OpenNebula NVIDIA Fabric Manager

Introduction

The OpenNebula NVIDIA® Fabric Manager integration provides a complete solution for managing NVIDIA NVSwitch fabric within a cloud environment.

NVIDIA Shared NVSwitch Virtualization Model

The OpenNebula integration with Fabric Manager integration follows the NVIDIA Shared NVSwitch Virtualization Model. This model uses a Service VM in each hypervisor for managing the NVSwitches. The NVSwitches are added to the Service VM as PCI passthrough devices to configure the selected GPU partitioning. The Guest VMs are configured with PCI passthrough for the GPUs only, without any visibility of the NVSwitches. See the reference architecture in the image below.

Reference architecture.

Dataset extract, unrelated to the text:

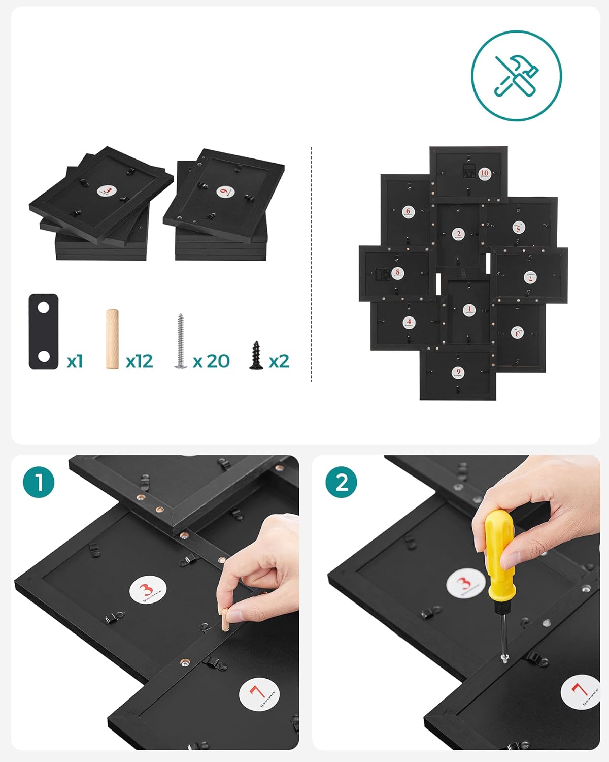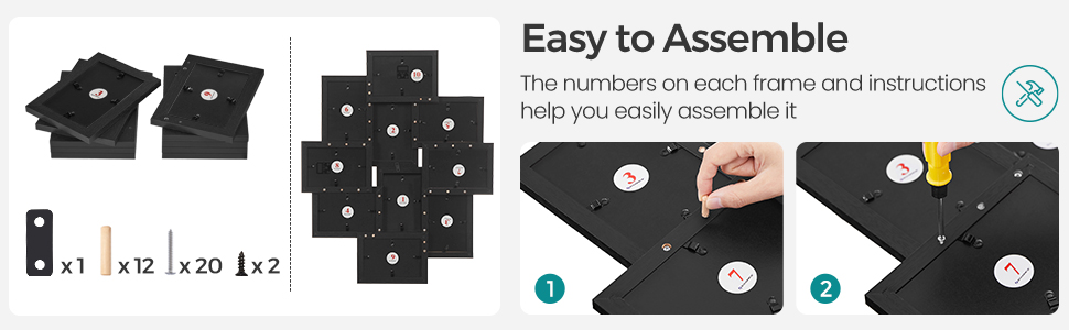 Asamblare usoara si convenabila pentru schimbarea fotografiilor – Pur si simplu rotiti clemele mici de pe spate; este inclus un manual de instructiuni ilustrat; asamblarea este super usoara.

Adapted diagram based on the "Shared NVSwitch Virtualization Model" located in the NVIDIA Fabric Manager User Guide.

These are the key components of the NVIDIA Shared NVSwitch Virtualization Model:

Service VM (Fabric Manager VM): a persistent, minimal Virtual Machine runs on each KVM host.
PCI Passthrough: the NVSwitch hardware devices are passed directly to this Service VM. The GPUs are passed directly to guests (workload) VMs.
Fabric Manager: the NVIDIA Fabric Manager and associated NVIDIA tools run inside the Service VM, allowing it to dynamically reconfigure and manage the NVSwitches.

For additional information about NVIDIA Shared NVSwitch Virtualization Model, refer to the official NVIDIA Fabric Manager documentation.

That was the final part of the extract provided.